◆ STORED DATA:
BEGIN

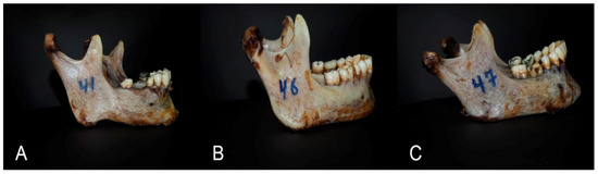 Informed consent was not obtained from the patients since this study used biological (cadaveric) material. The human mandibles were obtained from unidentified human bodies. The transfer of the biological material to Russia was carried out by the Decree of the Government of the Russian Federation of 21 July 2012, N 750 on approval of the rules for the transfer of an unclaimed body, organs, and tissues of a deceased individual for the medical, scientific, and educational purposes, as well as the use of an unclaimed body, organs, and tissues of a deceased individual for specified purposes (amendments and additions). An unclaimed body, organs, and tissues of a deceased individual, upon the occurrence of the circumstances stipulated by paragraph 1 of Article 12 of the Federal Law on burial and funeral business. Unclaimed bodies may be transferred for medical, scientific, and educational purposes to educational organizations implementing basic educational programs of secondary vocational education, higher education, and additional professional programs of medical or pharmaceutical education, scientific organizations, and medical organizations.
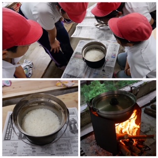 飯ごうのご飯が次々に炊き上がりました。不安に思いつつふたをあけると、おぉ、これは美味しそうです。お米は地元産のもの。期待できます。かまどの火には次はカレー鍋がかけられています。グツグツ。ああ、はやく食べたい。
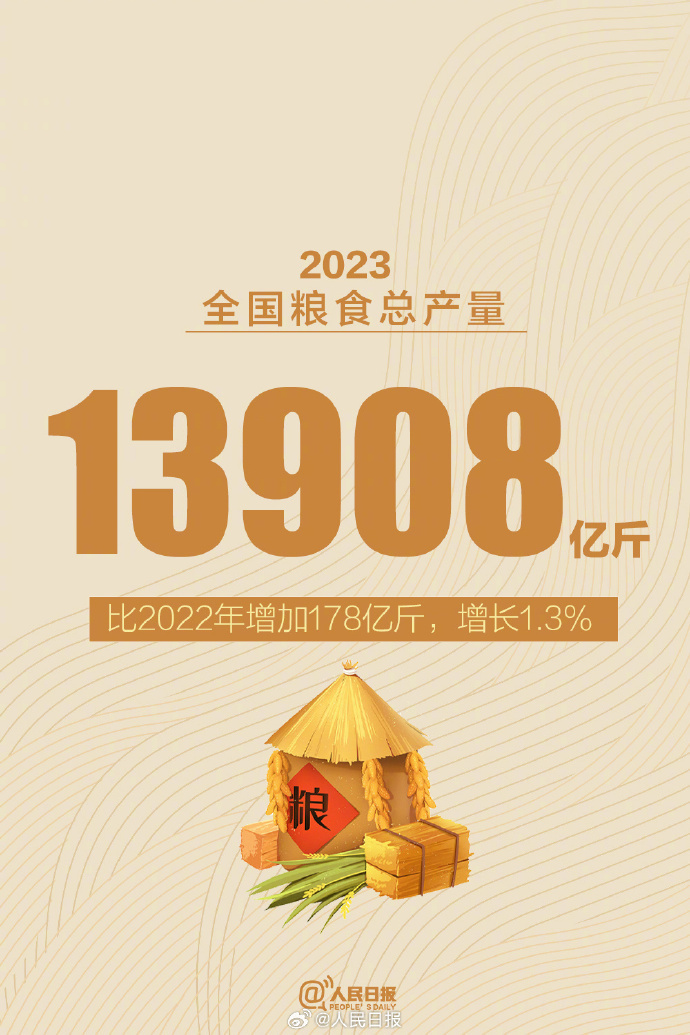 国家统计局农村司司长王贵荣解读粮食生产情况表示:2023年,党中央、国务院高度重视粮食生产,各地区各部门严格落实耕地保护和粮食安全责任,持续加大对粮食生产的支持力度,有力克服黄淮罕见“烂场雨”、华北东北局地严重洪涝、西北局部干旱等不利因素影响,全年粮食产量再创历史新高。2023年全国粮食总产量13908.2亿斤,比上年增加177.6亿斤,增长1.3%,连续9年稳定在1.3万亿斤以上。

END

Each line above should be written out again exactly, and no picture should appear in the copy.

◆ RESPONSE TO THIS EXERCISE:
 Informed consent was not obtained from the patients since this study used biological (cadaveric) material. The human mandibles were obtained from unidentified human bodies. The transfer of the biological material to Russia was carried out by the Decree of the Government of the Russian Federation of 21 July 2012, N 750 on approval of the rules for the transfer of an unclaimed body, organs, and tissues of a deceased individual for the medical, scientific, and educational purposes, as well as the use of an unclaimed body, organs, and tissues of a deceased individual for specified purposes (amendments and additions). An unclaimed body, organs, and tissues of a deceased individual, upon the occurrence of the circumstances stipulated by paragraph 1 of Article 12 of the Federal Law on burial and funeral business. Unclaimed bodies may be transferred for medical, scientific, and educational purposes to educational organizations implementing basic educational programs of secondary vocational education, higher education, and additional professional programs of medical or pharmaceutical education, scientific organizations, and medical organizations.
 飯ごうのご飯が次々に炊き上がりました。不安に思いつつふたをあけると、おぉ、これは美味しそうです。お米は地元産のもの。期待できます。かまどの火には次はカレー鍋がかけられています。グツグツ。ああ、はやく食べたい。
 国家统计局农村司司长王贵荣解读粮食生产情况表示:2023年,党中央、国务院高度重视粮食生产,各地区各部门严格落实耕地保护和粮食安全责任,持续加大对粮食生产的支持力度,有力克服黄淮罕见“烂场雨”、华北东北局地严重洪涝、西北局部干旱等不利因素影响,全年粮食产量再创历史新高。2023年全国粮食总产量13908.2亿斤,比上年增加177.6亿斤,增长1.3%,连续9年稳定在1.3万亿斤以上。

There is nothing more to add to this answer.